WHAT YOU NEED TO DO:
Skip the pictures. Quote every line below, exactly, from the one with "1(0). Dorsal surface" through the final line.

DATASET EXCERPT:
== == ==
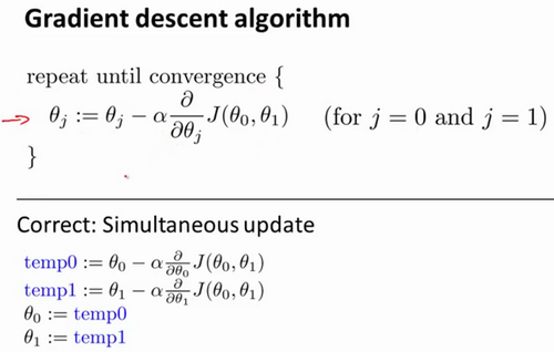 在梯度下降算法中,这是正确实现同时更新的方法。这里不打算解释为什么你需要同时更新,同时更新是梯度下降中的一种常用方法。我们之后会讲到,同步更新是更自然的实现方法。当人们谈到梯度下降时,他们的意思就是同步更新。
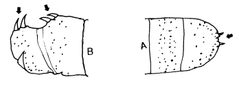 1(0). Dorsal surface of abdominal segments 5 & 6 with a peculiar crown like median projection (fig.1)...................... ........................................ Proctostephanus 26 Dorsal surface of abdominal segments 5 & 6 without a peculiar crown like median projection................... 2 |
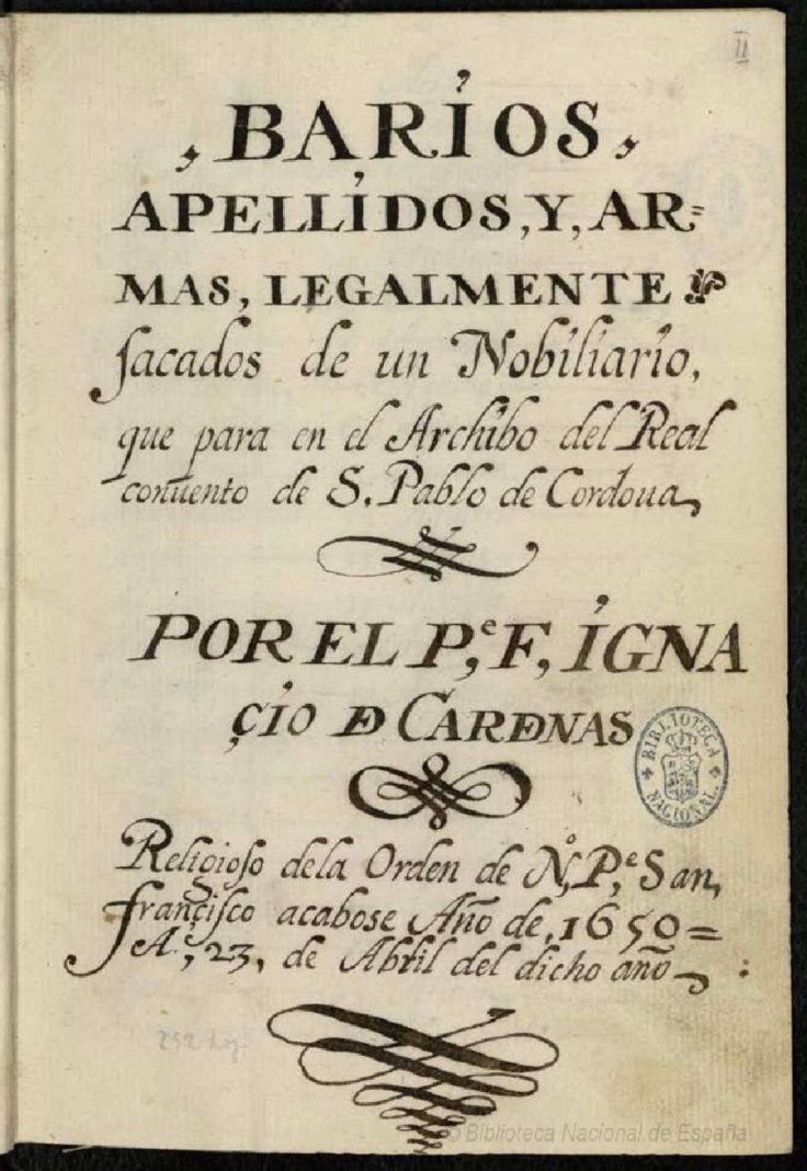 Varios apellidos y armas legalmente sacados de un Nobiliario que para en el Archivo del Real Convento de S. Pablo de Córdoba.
== == ==
TASK RESPONSE:
 1(0). Dorsal surface of abdominal segments 5 & 6 with a peculiar crown like median projection (fig.1)...................... ........................................ Proctostephanus 26 Dorsal surface of abdominal segments 5 & 6 without a peculiar crown like median projection................... 2 |
 Varios apellidos y armas legalmente sacados de un Nobiliario que para en el Archivo del Real Convento de S. Pablo de Córdoba.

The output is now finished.